(Stored records)
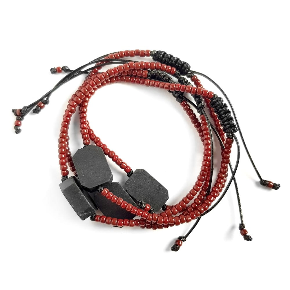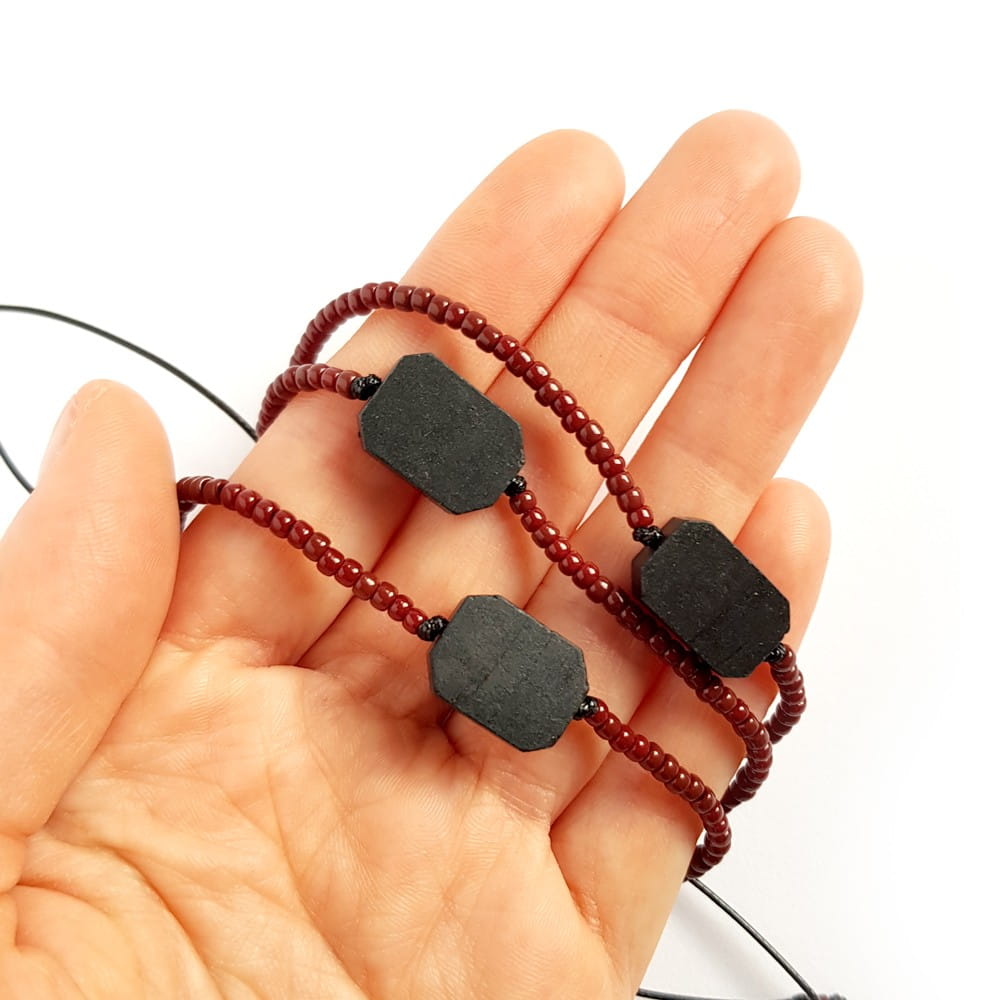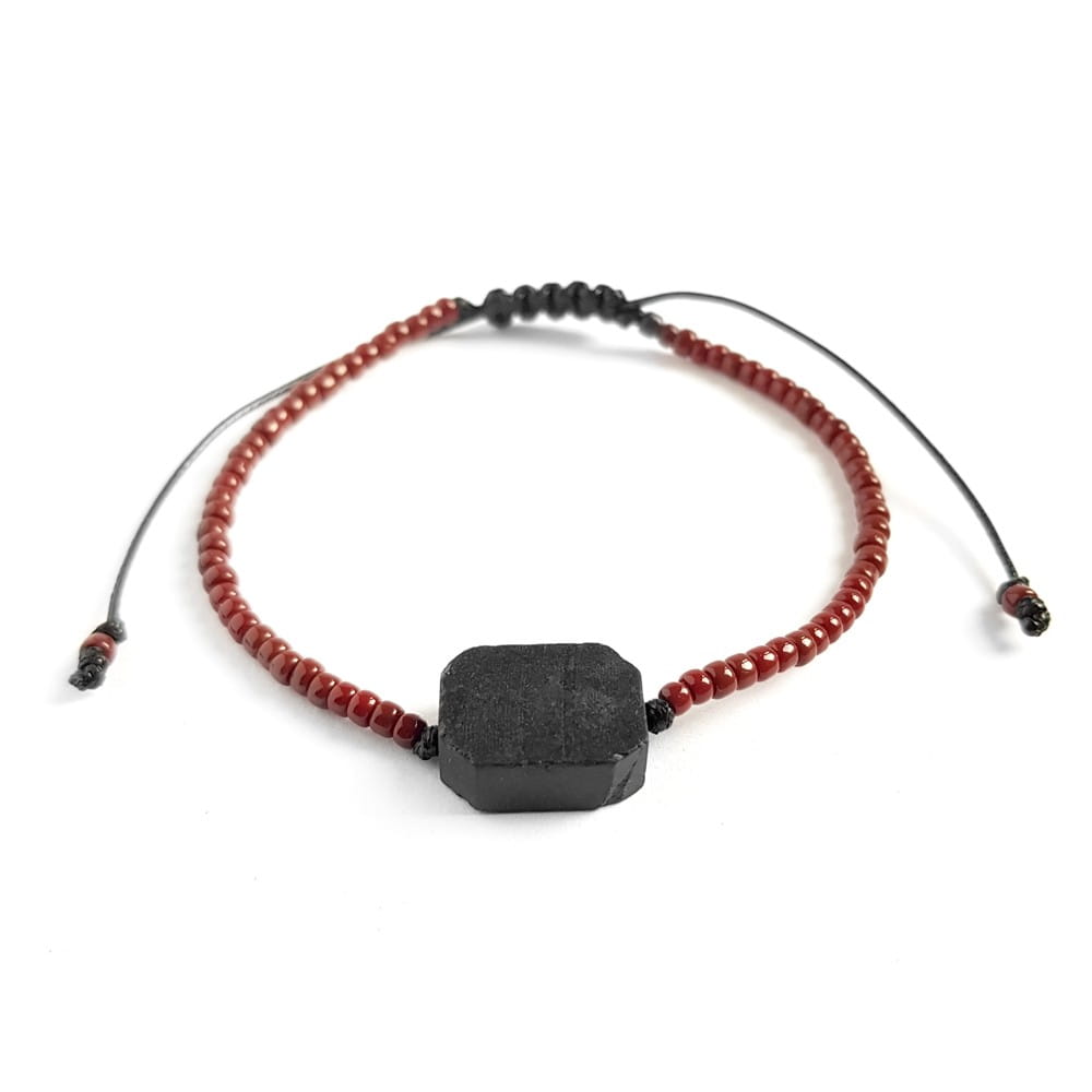 Bransoletka została wykonana z płytki czarnego turmalinu. Podstawę stanowią błyszczące, szklane koraliki i mocny, nylonowy sznurek.
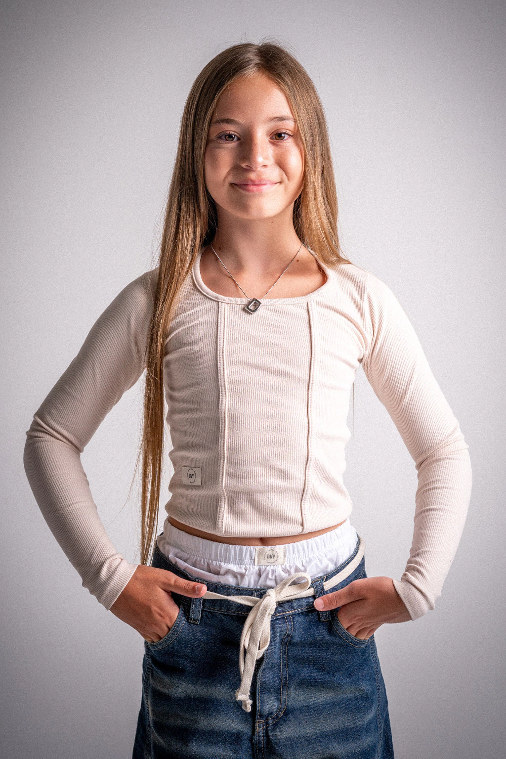 Top manga larga de morley ajustado tipo corset! Color único, detalle de grifa dvy.
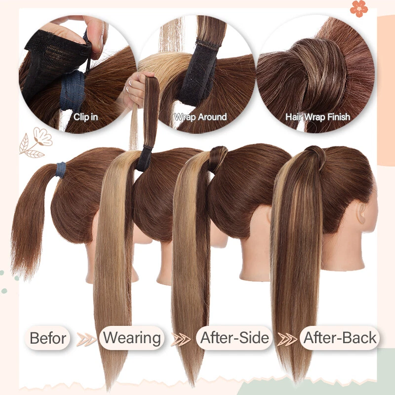 10inch, 100% Real Remy Human Hair Wrap Around Ponytail Extension With Wig Clip in/Thick
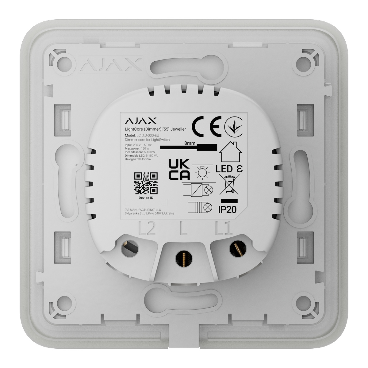 Ajax LightSwitch Dimmer Jeweller je chytrý dotykový nástěnný stmívač pro osvětlení určený pro vnitřní instalaci.
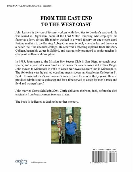 John Leaney is the son of factory workers with deep ties to London’s east end. He was reared in Dagenham, home of the Ford Motor Company, who employed his father as a lorry driver. His mother worked in a wood factory. At age eleven good fortune sent him to the Barking Abbey Grammar School, where he learned there was a better life if he attended college. He received a teaching diploma from Didsbury College, began his career in Salford, and was quickly promoted to senior teacher in charge of welfare and discipline. In 1983, John came to the Mission Bay Soccer Club in San Diego to coach boys’ soccer, and a year later was hired as the women’s soccer coach at UC San Diego. John moved to Minnesota in 1986 to coach Northwest Soccer Club in Minneapolis. The following year he started coaching men’s soccer at Macalester College in St. Paul. He coached men’s and women’s soccer there for almost thirty years. He also provided administrative guidance and for a time served as coach for men’s track and field and women’s golf. John married Carrie Schulz in 2004. Carrie delivered their son, Jack, before she died tragically from breast cancer two years later. The book is dedicated to Jack to honor her memory.
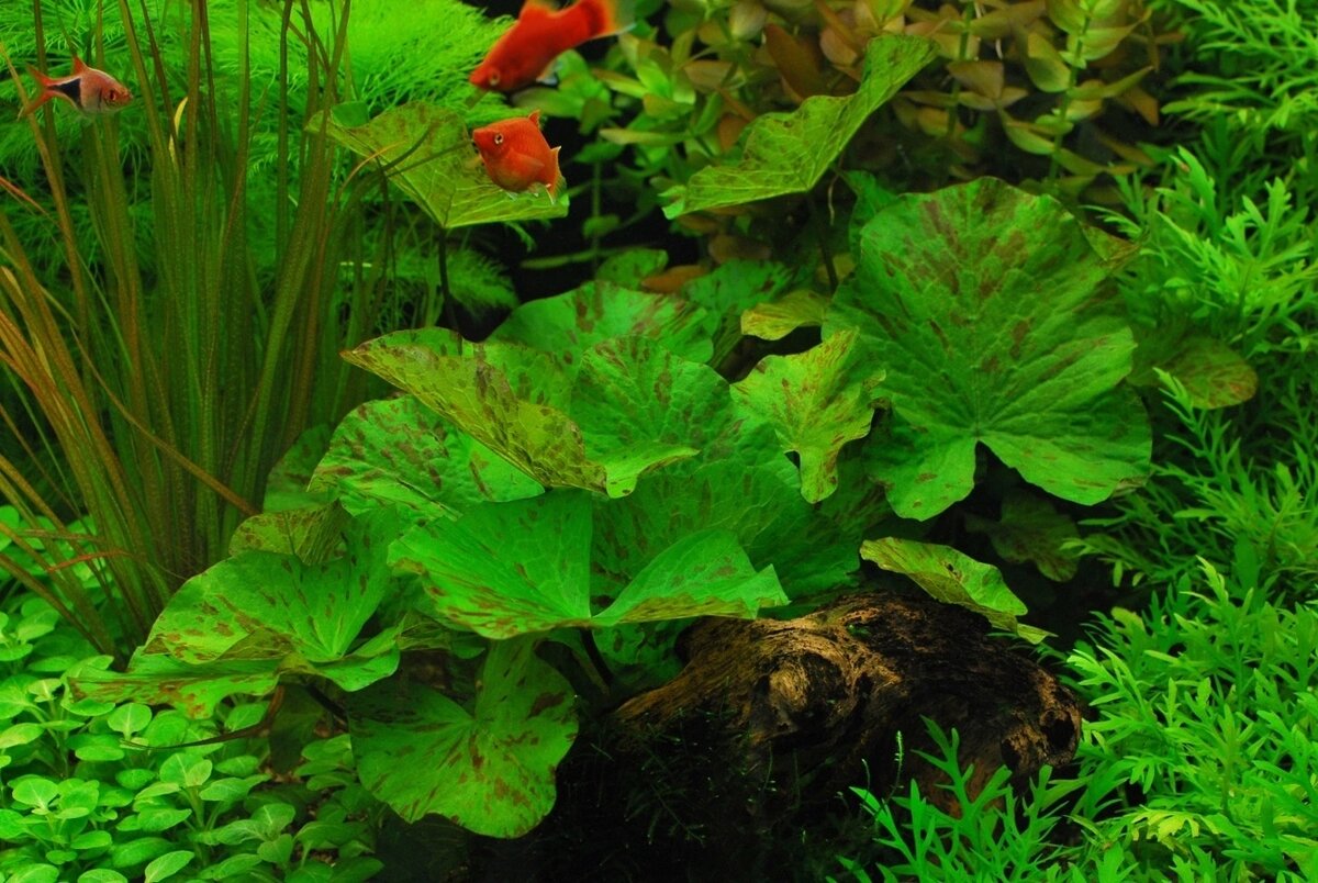 Водяная лилия тигровая, или кувшинка (Nymphaea lotus), происхождение которой не определено точно (в некоторых источниках указывается на Западную Африку), считается одной из самых прекрасных водных растений. Ее ценят не только за великолепные цветы, но и за прекрасную окраску подводных листьев, усыпанных коричневыми пятнышками. Плавающие листья имеют почти гладкую зеленую или оливковую окраску. В культуре встречаются две формы этого растения: с красными и зелеными подводными листьями. Первая форма обладает выраженной красной окраской подводных листьев. Для успешного выращивания водяной лилии тигровой рекомендуется использовать аквариумы со столбом воды не более 45 см и обеспечить большую плоскость поверхности воды. Зимой рост этого растения замедляется, и оно практически не формирует плавающих листьев. Выращивание нимфеи требует тропического аквариума с оптимальной температурой 24-28 °C. При температуре ниже 22 °C рост резко замедляется, и цветение практически не происходит. Ва
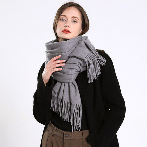 شتوية وخريفية للنساء شتوية من الكشميري بلون واحد هدية مخصصة شالات صوف سميك وشاح دافئ
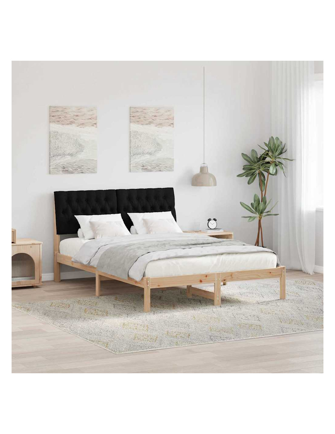 - Durabilità e Funzione: Usando materiali come truciolare e legno massello di pino, la struttura è pensata per durare, mantenendo un aspetto chic. Il design semplice rende facile abbinare vari stili di decorazione della camera da letto.

Exercise prompt:
Work from the entries above. Set down exactly and only the lines from the line with "10inch, 100% Real" to the line with "John Leaney is", both included, and leave the pictures out.

Task response:
 10inch, 100% Real Remy Human Hair Wrap Around Ponytail Extension With Wig Clip in/Thick
 Ajax LightSwitch Dimmer Jeweller je chytrý dotykový nástěnný stmívač pro osvětlení určený pro vnitřní instalaci.
 John Leaney is the son of factory workers with deep ties to London’s east end. He was reared in Dagenham, home of the Ford Motor Company, who employed his father as a lorry driver. His mother worked in a wood factory. At age eleven good fortune sent him to the Barking Abbey Grammar School, where he learned there was a better life if he attended college. He received a teaching diploma from Didsbury College, began his career in Salford, and was quickly promoted to senior teacher in charge of welfare and discipline. In 1983, John came to the Mission Bay Soccer Club in San Diego to coach boys’ soccer, and a year later was hired as the women’s soccer coach at UC San Diego. John moved to Minnesota in 1986 to coach Northwest Soccer Club in Minneapolis. The following year he started coaching men’s soccer at Macalester College in St. Paul. He coached men’s and women’s soccer there for almost thirty years. He also provided administrative guidance and for a time served as coach for men’s track and field and women’s golf. John married Carrie Schulz in 2004. Carrie delivered their son, Jack, before she died tragically from breast cancer two years later. The book is dedicated to Jack to honor her memory.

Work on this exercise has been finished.